Critics dismissed early attempts to create AI-powered electronics as absurd. However, this AI gadget-in-the-making is about trash: Finnish company Binit tracks residential waste using LLM image processing.
Entrepreneurs such as Greyparrot, TrashBot, and Glacier have been working on AI to classify trash in order to improve municipal and commercial recycling. However, Binit creator Borut Grgic believes domestic garbage tracking is unexplored.
“We’re producing the first household waste tracker,” he says in Eltrys, comparing the AI device to a sleep tracker for garbage. The camera vision technology includes support for neural networks. We’re using LLMs to recognise domestic waste.”
The pandemic-founded firm has raised roughly $3 million from an angel investor to make AI gear that looks good and lives in the kitchen affixed to a cabinet or wall near the trash.
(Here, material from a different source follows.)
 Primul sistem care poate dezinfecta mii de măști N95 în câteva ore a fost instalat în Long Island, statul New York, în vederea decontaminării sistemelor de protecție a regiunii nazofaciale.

The battery-powered device utilises cameras and other sensors to detect approaching individuals and scan items prior to disposal.
Grgic adds that they use commercial LLMs like OpenAI’s GPT for picture recognition. Binit records everything the household throws out and provides statistics, feedback, and gamification via an app, such as a weekly trash score, to encourage customers to minimise their waste.
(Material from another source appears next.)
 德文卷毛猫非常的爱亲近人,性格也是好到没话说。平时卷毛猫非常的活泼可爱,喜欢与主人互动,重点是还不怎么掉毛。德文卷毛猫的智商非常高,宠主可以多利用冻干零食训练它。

The researchers tried training their own AI model for rubbish detection but got 40% accuracy. So they adopted OpenAI’s image recognition. After incorporating the LLM, Grgic claims over 98% garbage identification accuracy.
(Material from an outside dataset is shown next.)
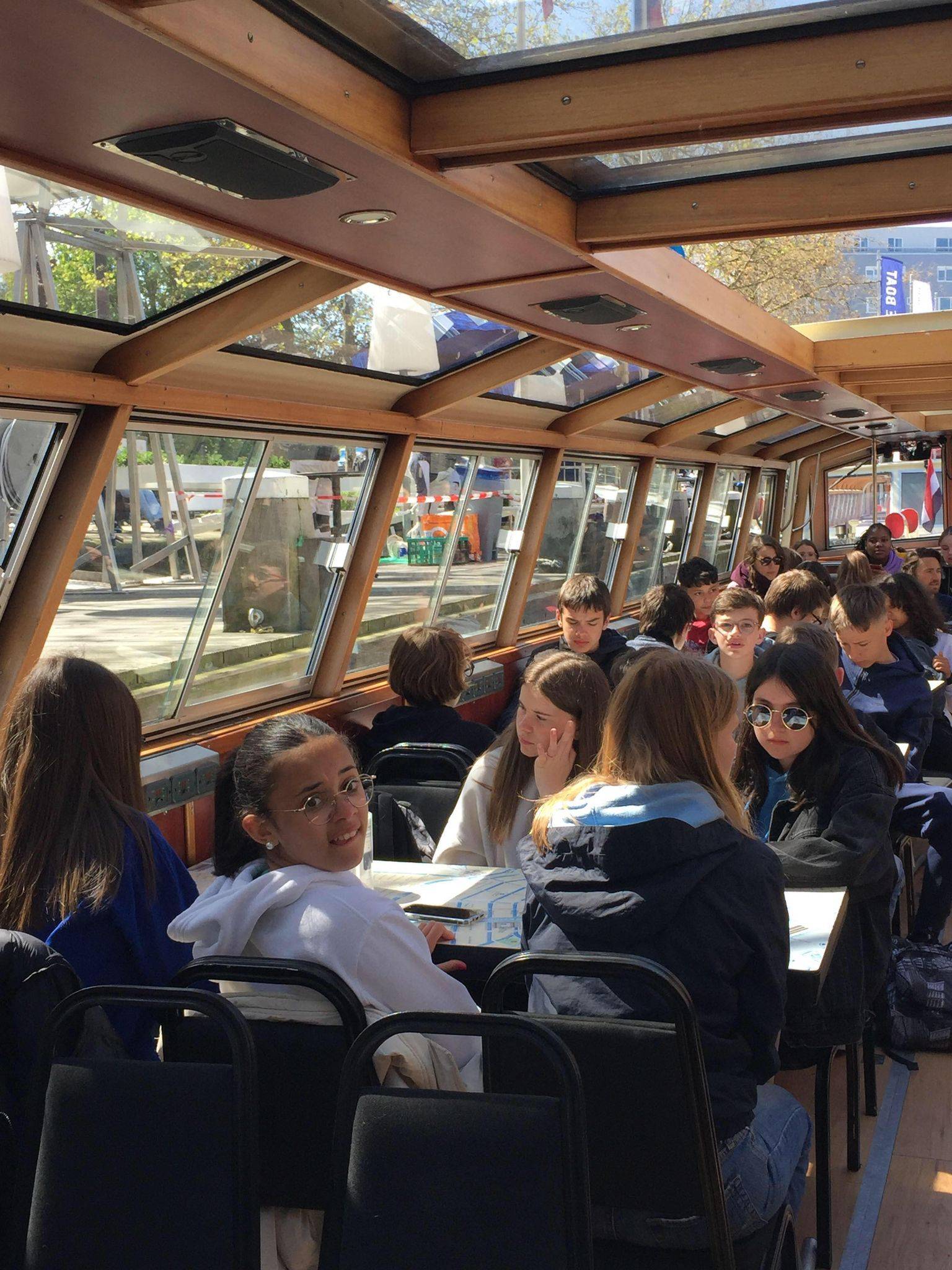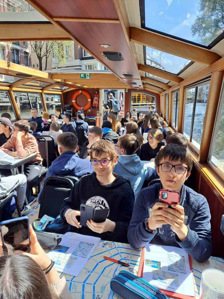 Cet après-midi, tous ont eu la chance de monter à bord d’un bateau pour une visite commentée sur les canaux d’Amsterdam, ce qui leur a permis de découvrir les principaux monuments de la ville et l’architecture insolite de leurs maisons.

Its creator has “no idea” why Binit works so well. OpenAI’s ability to recognise rubbish may be due to its large training data set or its ability to recognise many objects. “It’s incredible accuracy,” he says, noting that OpenAI’s model’s great performance in testing may be due to “common objects” being scanned.
“It can even tell, with relative accuracy, whether a coffee cup is lined because it recognises the brand,” he says. “So basically, the user passes the object in front of the camera. Thus, they must temporarily stabilise it in front of the camera. The camera captures the picture from all angles at that moment.”
Binit uploads users’ waste data to the cloud for analysis and feedback. It plans to provide free basic analytics and subscription-based premium services.
The business wants to become a trash data supplier, which may be useful for the packaging company if it can grow.
Do consumers really need a high-tech gadget to alert them that they’re throwing away too much plastic? Don’t we all know what we’re eating and need to reduce waste?
“It’s habits,” he says. I suppose we know, but we don’t act on it.
“We also know it’s good to sleep, but when I put a sleep tracker on, I sleep more, even though it didn’t teach me anything new.”
According to US studies, Binit claims that its garbage transparency reduced mixed bin waste by 40%. Transparency and gamification may help individuals change behaviours, it says.
Binit wants the app to provide analytics and insights that reduce waste. Grgic plans to employ LLMs to provide location-based recommendations for the latter.
programEach scanned piece of packaging, such as a plastic bottle, prompts the program to create a card indicating its disposal. These local options might help you cut down on plastic, he says.
He also considers cooperation with food waste reduction influencers.
Grgic calls the product “anti-unhinged consumption,” another surprise. The startup supports sustainability awareness and action. To protect the environment for future generations, we must replace our throwaway culture of single-use consumerism with thoughtful consumption, reuse, and recycling.
“I feel like we’re on the cusp of something,” he says. “I think people are starting to ask: Is throwing everything away necessary? Can we consider fixing and reusing?
Why not simply use Binit as a smartphone app? Grgic says it depends. He adds that some families prefer a hands-free garbage scanner, while others prefer using a smartphone when dinner prep is messy.
Additionally, their app will enable free scanning, so they will give both alternatives.
The business has piloted its AI garbage scanner in five US cities (NYC, Austin, Texas; San Francisco; Oakland; and Miami) and four European cities (Paris, Helsniki, Lisbon, and Ljubjlana, Slovenia, where Grgic comes from).
He expects an autumn US commercial debut. He calls the $199 price range for AI hardware the “sweet spot” for smart home devices.